Эрнест. Ну что же, раз критик владеет всеми объективными формами, какие, скажите, качества должны отличать истинного критика?

Гилберт. А как вы считаете?

Эрнест. Я бы сказал, что прежде всего критик должен судить по справедливости.

Гилберт. Нет-нет, только не по справедливости. Критик просто не может быть справедлив в обычном значении слова. Действительно беспристрастное мнение мы высказываем лишь о том, что не представляет для нас никакого интереса, и именно поэтому беспристрастное мнение, в свою очередь, не представляет решительно никакой ценности. Способные увидеть обе стороны предмета абсолютно неспособны увидеть предмет в его истинности. Искусство – это страсть, и в вопросах искусства Мысль неизбежно окрашивается переживанием, а оттого она скорее текуча, нежели определенна, и ее невозможно сузить так, чтобы она превратилась в научную формулу либо богословскую догму, ибо она всегда сопряжена с неуловимо меняющимся – мгновение от мгновения – настроением. И обращается Искусство к душе, а душа может стать пленником разума, как и пленником тела. Понятно, предвзятости следует избегать; но, как заметил еще столетие назад великий француз, в таких вещах у каждого должны быть свои предпочтения, а если есть предпочтения, невозможна справедливость. Один только торговец на аукционе способен бесстрастно восторгаться всеми школами поровну. О нет, справедливость не является свойством истинного критика. И даже необходимым условием критики. Каждая форма искусства, которая нам открывается, на время захватывает нас, тесня все прочие. Мы должны без остатка отдаться всякому произведению, о котором судим, и лишь тогда нам откроется его тайна. И при этом мы не должны, да мы просто не можем думать ни о чем другом.

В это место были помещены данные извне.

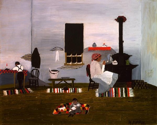 Editor: This is Horace Pippin's "Domino Players," painted in 1943 with oil paint. I find it captivating, mostly because the figures feel so familiar and domestic. What do you see in this piece that speaks to you? Curator: I’m drawn to the recurring motifs within this composition – the subtle yet powerful indicators of community, resilience, and shared experience. What visual cues lead you to interpret the scene as 'domestic?' Is it the warmth of the indoor setting? The game itself? Editor: Probably the game. Dominoes seem so...everyday, and I guess the simple interior adds to that. The window in the background even looks like it has a view outside. Is there more to that game symbolism? Curator: Games, particularly those played communally, are deeply symbolic. They can represent not only leisure and recreation, but also strategy, competition, and social dynamics. What cultural or personal memories does the image evoke for you? How might Pippin, as an African American artist during the 1940s, be using these symbols to comment on larger social narratives? Consider, also, that a window does frame the figures within an interior scene and acts as a liminal space: the inside and outside, known and unknown. Editor: Hmm, so maybe Pippin is suggesting how the simple game carries generations of history. Dominoes aren't just dominoes; they represent community in times of adversity. Am I on the right track? Curator: Precisely. Think about the objects around the players, each loaded with possible meaning. Even the color choices, what do those signify for you? Editor: I guess the overall muted palette evokes the past while the small dashes of bright colors hint at hope for the future. I'm seeing it in a totally different light now! Curator: That's the power of art, isn't it? How a single image can hold so much history and human experience.

Эрнест. Но, по крайней мере, истинный критик будет рационален или это необязательно?

Гилберт. Рационален? Существует два способа не любить Искусство, Эрнест. Один из них заключается в том, чтобы его просто не любить. Другой в том, чтобы любить его рационально. Ведь Искусство – это не без оттенка сожаления отмечал еще Платон – создает в зрителе, в слушателе своего рода божественное безумие. Само оно возникает не из вдохновения, однако внушает вдохновение другим. Рассудок – совсем не та область, которую оно затрагивает. Если любишь Искусство, его надо любить превыше всего в мире, а против такой любви восстает рассудок, если только прислушиваться к его голосу. Нет ни следа здравомыслия в поклонении красоте. Оно слишком всемогуще, чтобы отличаться здравомыслием. И те, в чьей жизни оно занимает главное место, всегда будут казаться чистой воды визионерами.

Эрнест. Ну уж, по крайней мере, критику необходима искренность.

Гилберт. В скромных пределах искренность опасна, в беспредельности же своей просто губительна. Истинный критик, разумеется, полностью искренен в приверженности принципу красоты, однако он ищет красоту во всех веках и в творчестве всех школ, и он не примирится со стремлением связать его по рукам той или иной общепринятой системой мышления или же стереотипным восприятием вещей. Он выразит себя во многих формах, тысячами различных способов, и ему всегда интересны необычные ощущения и небанальные взгляды. Свое подлинное единство он обретает в постоянной изменчивости, и только в ней. Он не сделается рабом собственных мнений. Ведь в интеллектуальной жизни разум – это развитие, разве не так? Суть мысли, как и суть жизни, – это ее постоянное движение вперед. Не пугайтесь слов, Эрнест. То, что называют неискренностью, на деле лишь способ, посредством которого мы обогащаем свою личность.

Эрнест. Похоже, я заблуждаюсь во всех своих представлениях о критике.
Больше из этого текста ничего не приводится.